Sen. Tom Carper, D-Del., who heads the Senate Homeland Security and Governmental Affairs Committee, said in an email that he plans a hearing this year to examine the Pentagon’s “spare-parts problems” and “other opportunities to curb wasteful spending.”

The largest overcharge described in the July report was as much as $2.6 million for 142 Chinook engine transmission housings that the inspector general found weren’t needed.

Instead of giving the Army the unneeded parts, Boeing was allowed to keep them for other jobs “even though the Army paid for” the items, the audit found.

While the excessive charges cited by the inspector general amount to rounding errors for Boeing, which reported almost $22 billion of sales in this year’s second quarter, the July report follows a series of government audits challenging amounts paid by the Pentagon under various contracts.

A 2008 audit said Boeing sought $1.9 billion in unjustified payments on military contracts under a formula designed to compensate contractors for rising costs. After negotiations, the amount was cut to $272 million, the inspector general’s report said.

In June, the inspector general said the Defense Logistics Agency paid Boeing $13.7 million more than it should have for spare parts, including $2,286 apiece for an aluminum “bearing sleeve” that should have cost $10.

A May 2011 audit found about $13 million of overcharges on $23 million of orders from a Texas army depot. That report said Boeing charged $644.75 for a plastic motor gear used on Chinook helicopters, which another Pentagon agency purchased for $12.51.

Boeing’s twin-rotor CH-47 Chinook, first used in combat in 1965 during the Vietnam War, is one of the Army’s most versatile transport helicopters. The latest version, the CH-47F, first flew in 2001 and according to Boeing can fly 196 miles per hour (315 kilometers per hour) and carry 24,000 pounds (10,886 kilograms).

The July audit report cited the transmission housings to illustrate extra costs arising from the use of new versus used parts. While Boeing proposed meeting “the full contract requirement of 232” transmission housings using salvaged parts, the Army also accepted the company’s proposal for 142 new housings that could be used as necessary. “As a result, potential excess costs for the housings were $1.2 million to $2.6 million,” the audit found.

In another example cited in the report, the Army accepted Boeing’s proposal for 65 new aft transmission gears on the remanufactured Chinooks, based on an estimate that new parts would be used 56 percent of the time. Army data showed that only one new gear was installed in the first 50 aircraft, a 2 percent rate. The difference added $1.6 million in costs, the audit found.
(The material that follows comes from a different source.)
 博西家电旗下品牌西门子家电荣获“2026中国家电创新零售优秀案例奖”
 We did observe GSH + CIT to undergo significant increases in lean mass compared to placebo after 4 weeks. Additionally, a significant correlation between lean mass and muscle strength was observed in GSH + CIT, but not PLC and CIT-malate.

In addition, Boeing could have overcharged the Army as much as $19.1 million on new parts for a $4 billion, multiyear CH-47F production contract awarded in June if the service hadn’t revised its terms based on the inspector general’s emerging findings, according to the report. The June contract calls for Boeing to turn over unused parts to the Army.

The two contracts each called for delivery of as many as 430 new or remanufactured helicopters.
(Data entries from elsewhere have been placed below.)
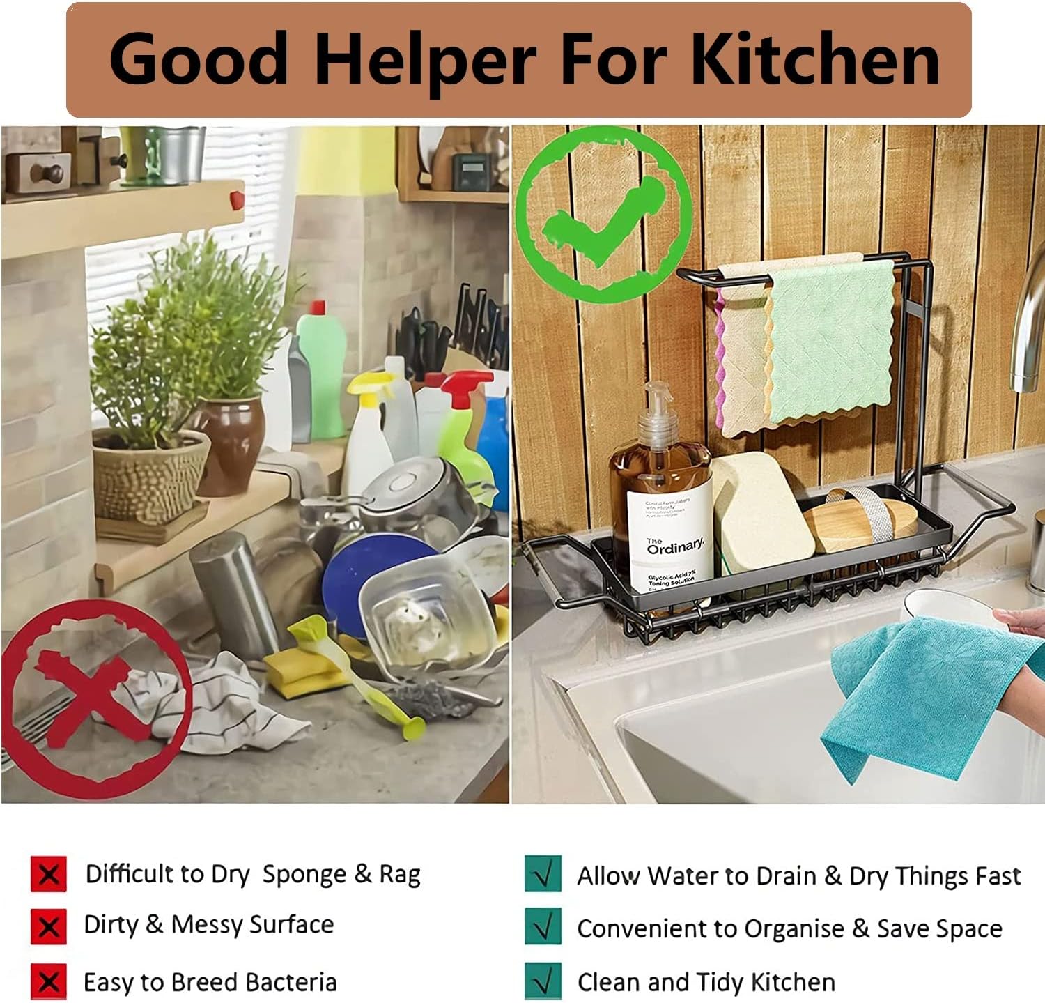 - ใ๐๐จ๐จ๐ ๐๐๐ฅ๐ฉ๐๐ซ ๐๐จ๐ซ ๐๐จ๐ฆ๐ ๐๐ข๐ญ๐๐ก๐๐งใ:Kitchen expandable sink storage rack holder can hold almost all the items you need for washing dishes, such as dishwashing sponges, dishwashing brushes, detergent, rags, sink plugs, etc, Two towels can be placed above the sink caddy of over the sink. This kitchen storage sink rack makes your kitchen sink more clean and tidy.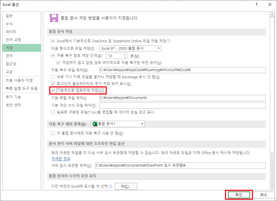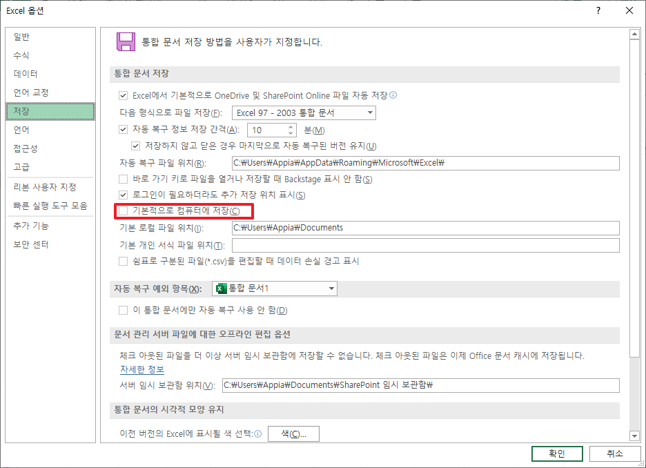 엑셀[Excel] 저장시 기본 경로를 원드라이브(OneDrive)에서 내컴퓨터로 변경하기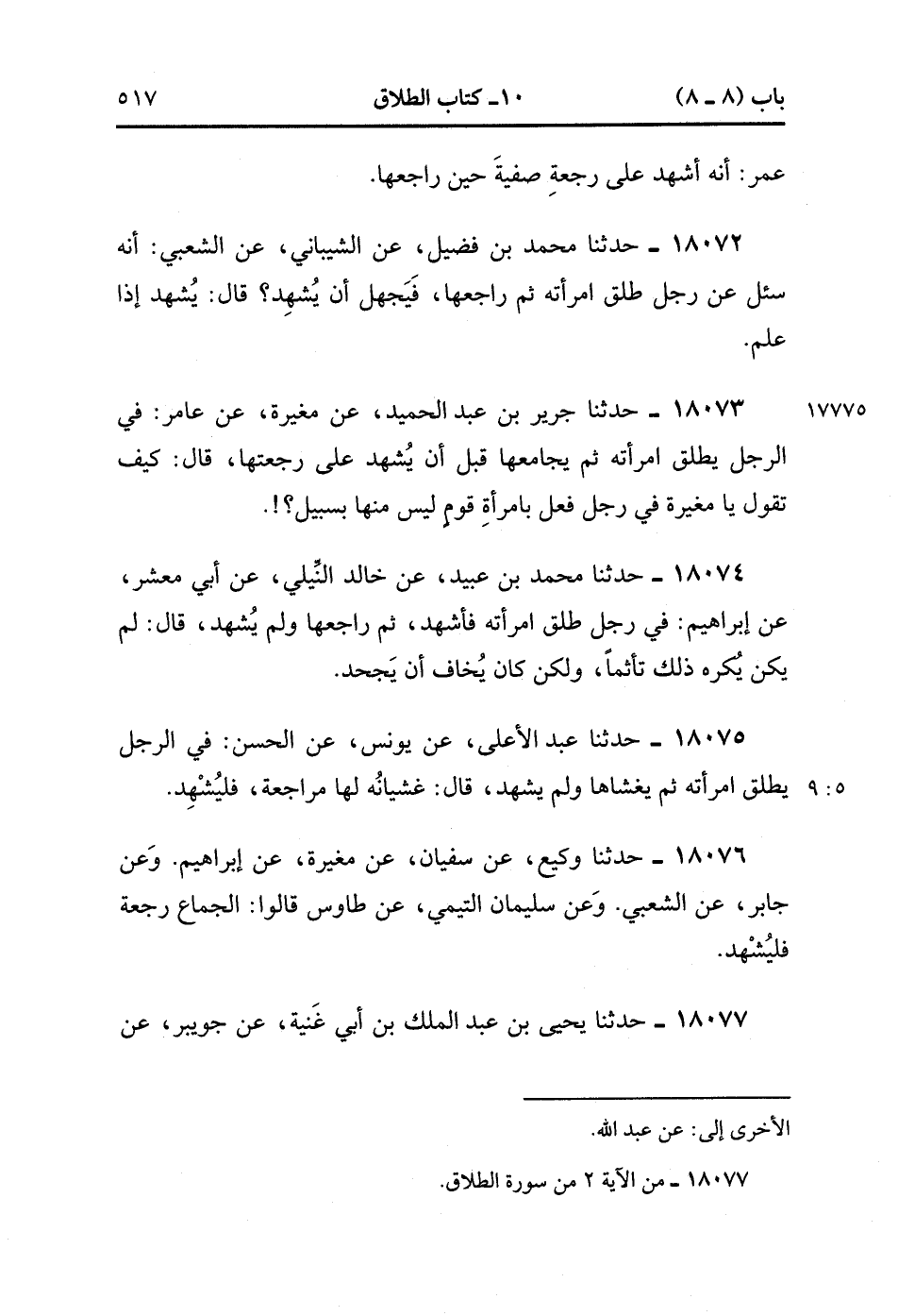 18077- حَدَّثَنَا يَحْيَى بْنُ عَبْدِ الْمَلِكِ بْنِ أَبِي غَنِيَّةَ ، عَنْ جُوَيْبِرٍ ، عَنِ الضَّحَّاكِ ؛ فِي قَوْلِهِ : {وَأَشْهِدُوا ذَوَيْ عَدْلٍ مِنْكُمْ} قَالَ : أُمِرُوا أَنْ يُشْهِدُوا عِنْدَ الطَّلاَقِ وَالرَّجْعَةِ. (5/9).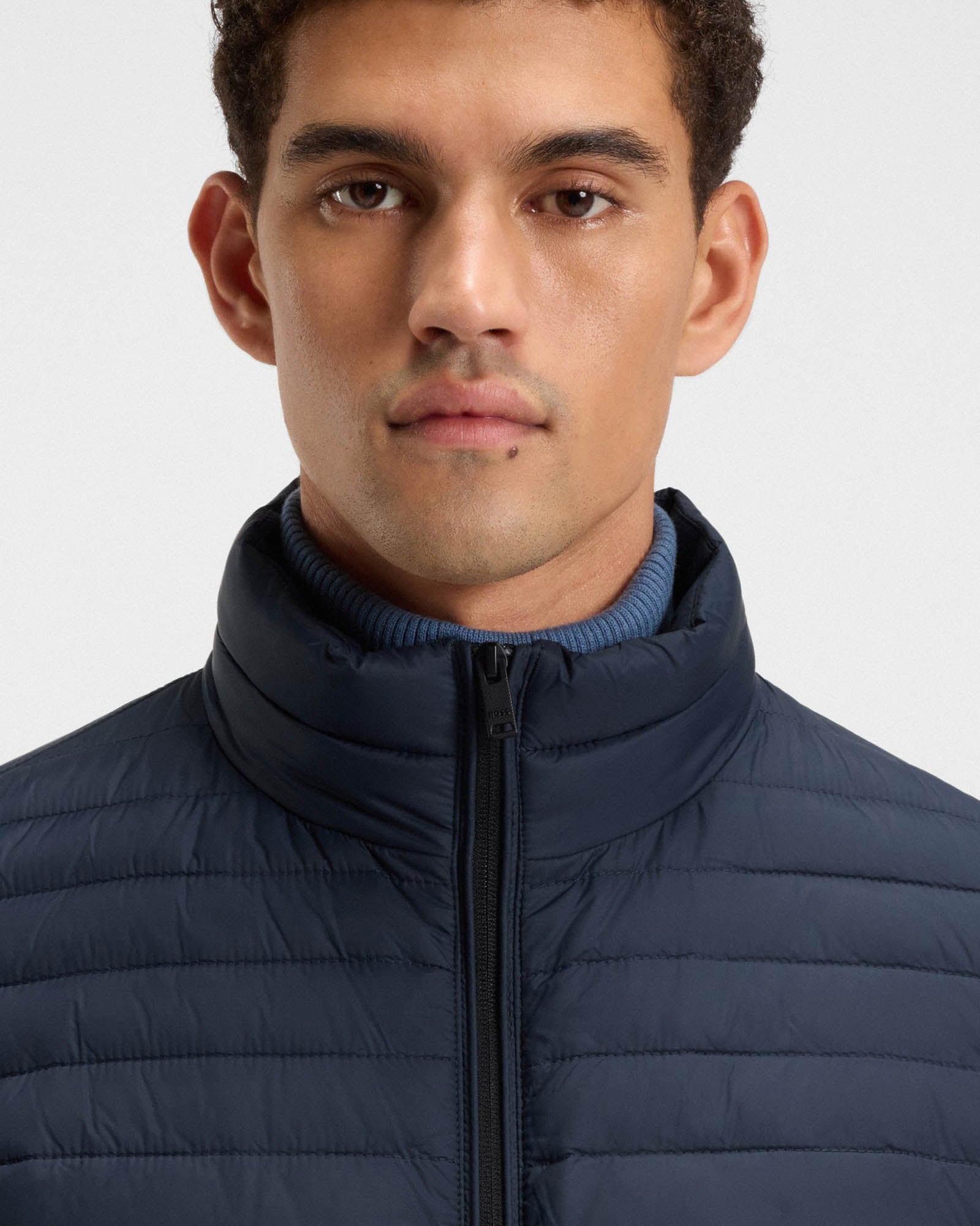 Packable for on-the-go protection, this slim-fit BOSS Menswear jacket is a trans-seasonal must. Water repellent with mixed quilting and lightweight padding. This product contains at least 60% better raw materials. This product is created with recycled polyamide.

Scott Amey, general counsel for the Project on Government Oversight, a Washington-based advocacy group, said in an email that “the audits show a continued pattern of inventory, pricing and oversight failures” by the Army and “Boeing charging more than fair and reasonable prices.”

“If the partnership is going to work, both parties” must “share current pricing data,” he said. “If something doesn’t give, we’re going to see additional audits and reactive attempts to recover funds.”

The Army Contracting Command, in official responses included in the inspector general’s report, didn’t address issues the report cited about the 2008 contract. The command instead cited actions it took before the award of the second contract in June that improved scrutiny of Boeing’s proposal.

Boeing made “significant adjustments” to its proposal, the audit found.

Dan O’Boyle, spokesman for the Army Aviation and Missile Life Cycle Management Command, which is managing the 2008 contract, didn’t respond to a request for comment.

The CH-47F contract “was not well-written and actually allowed Boeing to determine whether to install a new or reworked part,” said Serchak, the inspector general’s spokeswoman.

“The used parts were salvaged” from remanufactured helicopters and the company “installed significantly more” of them “instead of the proposed” new items, according to the audit.

The inspector general didn’t recommend that the Army seek refunds on the 2008 contract because the Army “did not look at kinds and quantities” of parts in its technical reviews before the contract was signed “and did not define to Boeing what was acceptable and what was unacceptable,” Serchak said.

“Therefore, because this practice is allowable under the contract, it is doubtful that there is a legal basis to seek a refund because of wrongdoing by Boeing,” she said. “However, Boeing could voluntarily refund these amounts.”